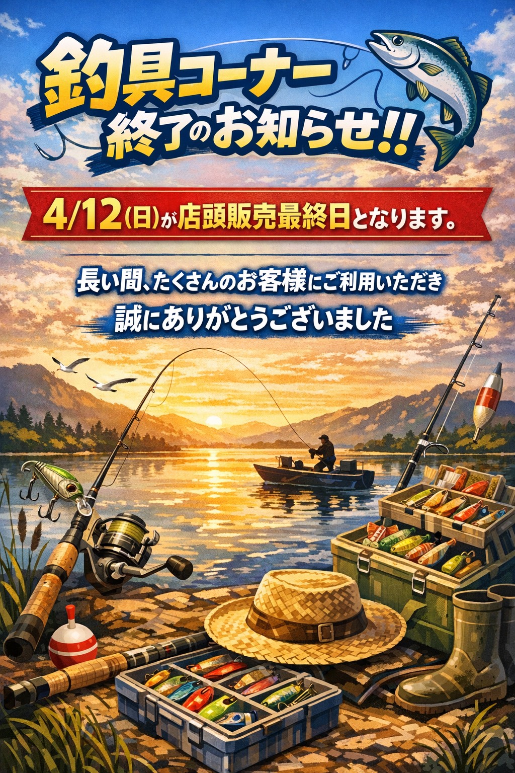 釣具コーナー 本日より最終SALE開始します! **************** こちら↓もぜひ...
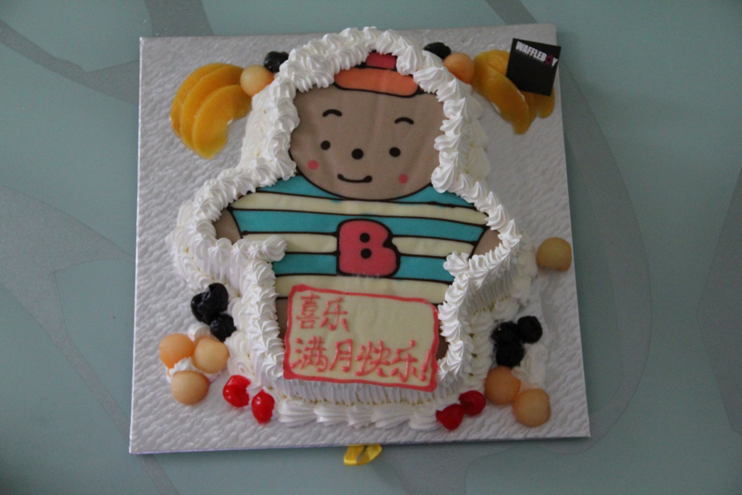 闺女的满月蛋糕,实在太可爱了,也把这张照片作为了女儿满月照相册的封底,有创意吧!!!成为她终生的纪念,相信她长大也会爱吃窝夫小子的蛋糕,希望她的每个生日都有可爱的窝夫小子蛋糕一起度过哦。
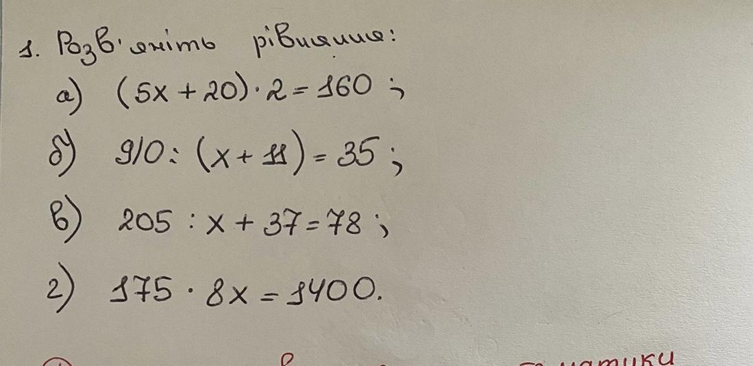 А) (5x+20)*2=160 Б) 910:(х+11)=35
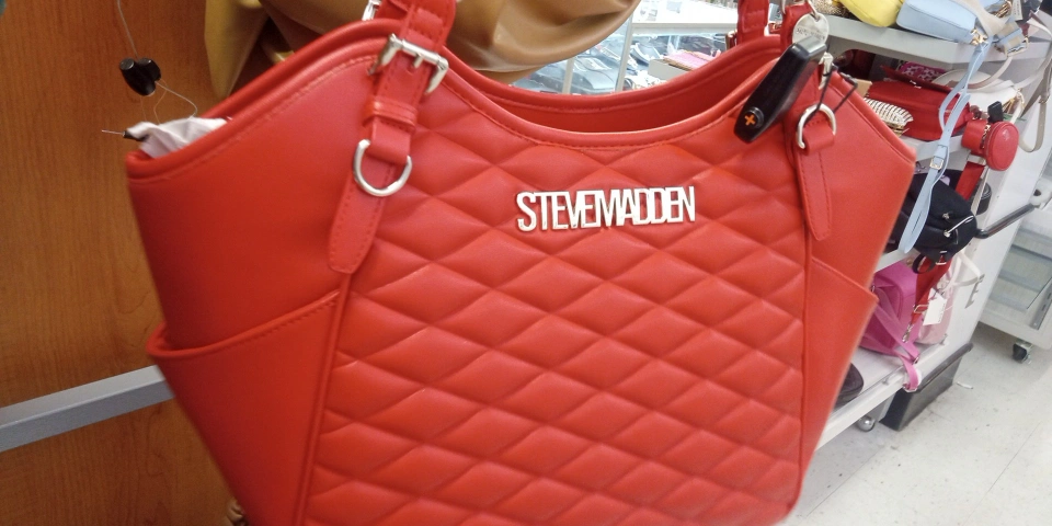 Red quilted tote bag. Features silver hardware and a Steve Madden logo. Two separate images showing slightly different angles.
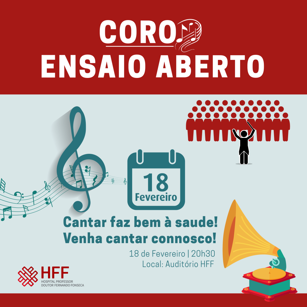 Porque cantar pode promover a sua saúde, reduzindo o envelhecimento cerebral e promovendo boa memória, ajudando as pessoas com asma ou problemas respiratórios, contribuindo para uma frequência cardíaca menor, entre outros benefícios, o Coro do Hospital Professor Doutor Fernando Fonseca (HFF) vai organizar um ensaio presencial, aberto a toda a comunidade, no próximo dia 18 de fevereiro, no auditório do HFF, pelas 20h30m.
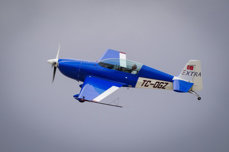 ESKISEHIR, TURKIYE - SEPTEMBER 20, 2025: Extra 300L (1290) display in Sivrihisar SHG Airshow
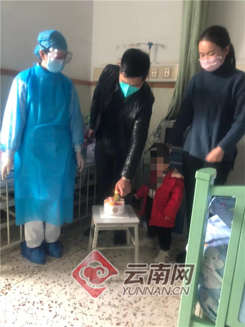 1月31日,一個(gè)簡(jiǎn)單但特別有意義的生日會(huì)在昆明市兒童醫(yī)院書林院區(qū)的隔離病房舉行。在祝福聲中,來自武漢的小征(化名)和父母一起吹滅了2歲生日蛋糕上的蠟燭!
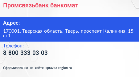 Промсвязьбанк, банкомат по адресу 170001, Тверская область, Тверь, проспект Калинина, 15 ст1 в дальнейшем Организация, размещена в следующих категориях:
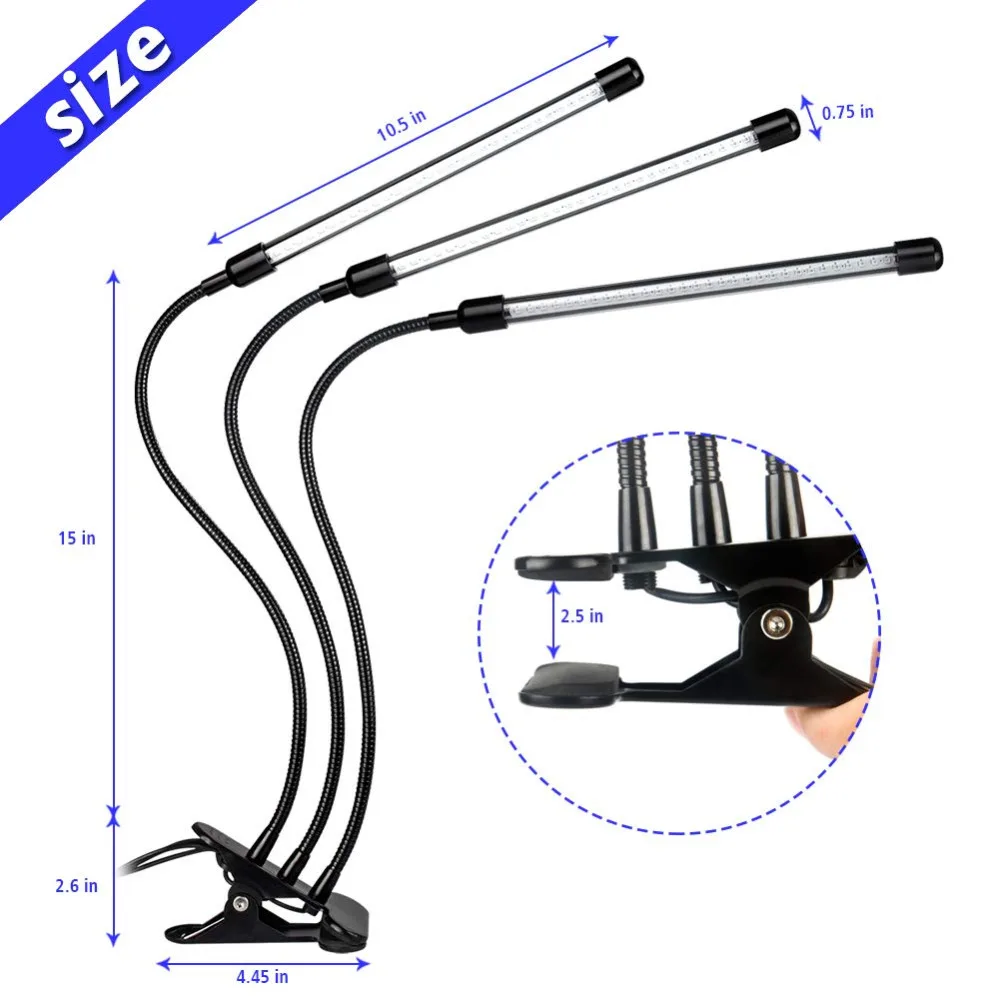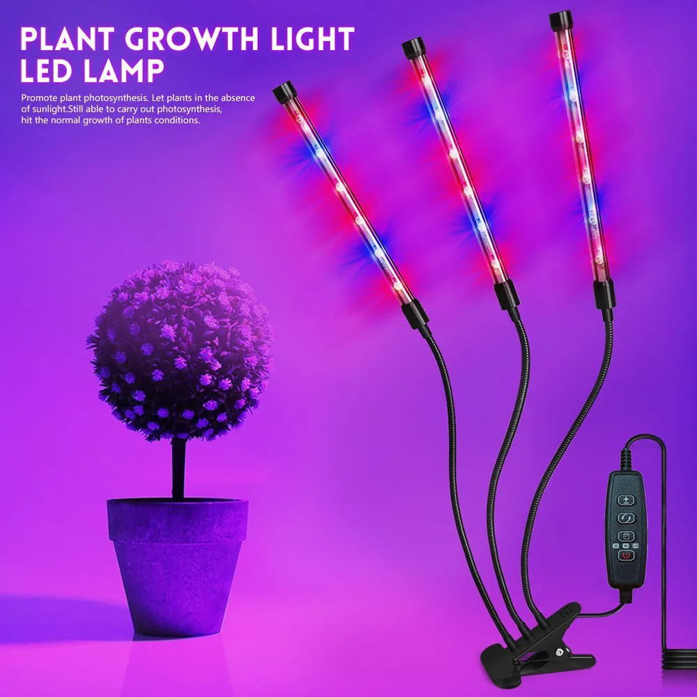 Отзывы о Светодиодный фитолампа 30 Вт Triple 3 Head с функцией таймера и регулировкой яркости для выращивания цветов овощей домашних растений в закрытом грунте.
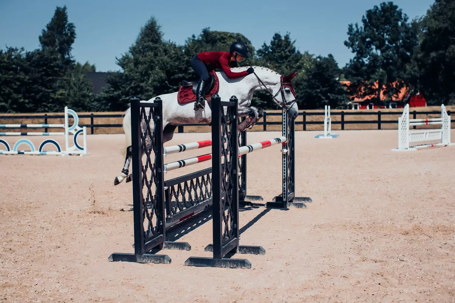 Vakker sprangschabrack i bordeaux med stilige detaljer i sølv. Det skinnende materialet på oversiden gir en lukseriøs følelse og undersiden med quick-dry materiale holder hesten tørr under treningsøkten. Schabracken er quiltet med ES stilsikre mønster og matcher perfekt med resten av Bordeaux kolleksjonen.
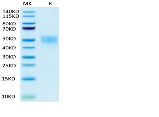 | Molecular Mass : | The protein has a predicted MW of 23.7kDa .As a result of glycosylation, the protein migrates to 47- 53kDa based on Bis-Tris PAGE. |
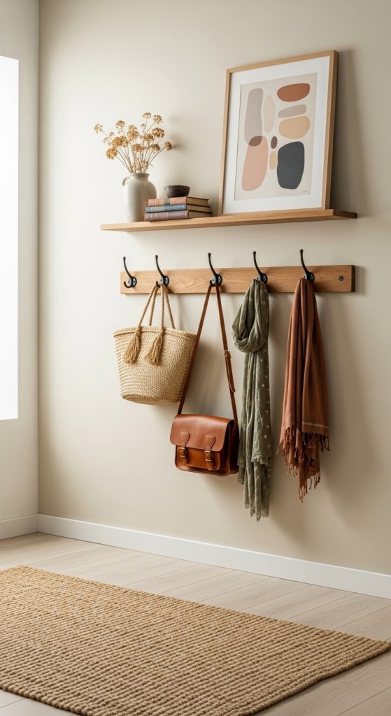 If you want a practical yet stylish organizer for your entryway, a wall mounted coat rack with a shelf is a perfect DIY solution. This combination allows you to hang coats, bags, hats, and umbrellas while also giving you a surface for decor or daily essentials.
========================
TASK DIRECTIONS ->
Every line of the listing is to be retyped exactly; pictures stay out.

EXERCISE OUTPUT ->
 釣具コーナー 本日より最終SALE開始します! **************** こちら↓もぜひ...
 闺女的满月蛋糕,实在太可爱了,也把这张照片作为了女儿满月照相册的封底,有创意吧!!!成为她终生的纪念,相信她长大也会爱吃窝夫小子的蛋糕,希望她的每个生日都有可爱的窝夫小子蛋糕一起度过哦。
 А) (5x+20)*2=160 Б) 910:(х+11)=35
 Red quilted tote bag. Features silver hardware and a Steve Madden logo. Two separate images showing slightly different angles.
 Porque cantar pode promover a sua saúde, reduzindo o envelhecimento cerebral e promovendo boa memória, ajudando as pessoas com asma ou problemas respiratórios, contribuindo para uma frequência cardíaca menor, entre outros benefícios, o Coro do Hospital Professor Doutor Fernando Fonseca (HFF) vai organizar um ensaio presencial, aberto a toda a comunidade, no próximo dia 18 de fevereiro, no auditório do HFF, pelas 20h30m.
 ESKISEHIR, TURKIYE - SEPTEMBER 20, 2025: Extra 300L (1290) display in Sivrihisar SHG Airshow
 1月31日,一個(gè)簡(jiǎn)單但特別有意義的生日會(huì)在昆明市兒童醫(yī)院書林院區(qū)的隔離病房舉行。在祝福聲中,來自武漢的小征(化名)和父母一起吹滅了2歲生日蛋糕上的蠟燭!
 Промсвязьбанк, банкомат по адресу 170001, Тверская область, Тверь, проспект Калинина, 15 ст1 в дальнейшем Организация, размещена в следующих категориях:
 Отзывы о Светодиодный фитолампа 30 Вт Triple 3 Head с функцией таймера и регулировкой яркости для выращивания цветов овощей домашних растений в закрытом грунте.
 Vakker sprangschabrack i bordeaux med stilige detaljer i sølv. Det skinnende materialet på oversiden gir en lukseriøs følelse og undersiden med quick-dry materiale holder hesten tørr under treningsøkten. Schabracken er quiltet med ES stilsikre mønster og matcher perfekt med resten av Bordeaux kolleksjonen.
 | Molecular Mass : | The protein has a predicted MW of 23.7kDa .As a result of glycosylation, the protein migrates to 47- 53kDa based on Bis-Tris PAGE. |
 If you want a practical yet stylish organizer for your entryway, a wall mounted coat rack with a shelf is a perfect DIY solution. This combination allows you to hang coats, bags, hats, and umbrellas while also giving you a surface for decor or daily essentials.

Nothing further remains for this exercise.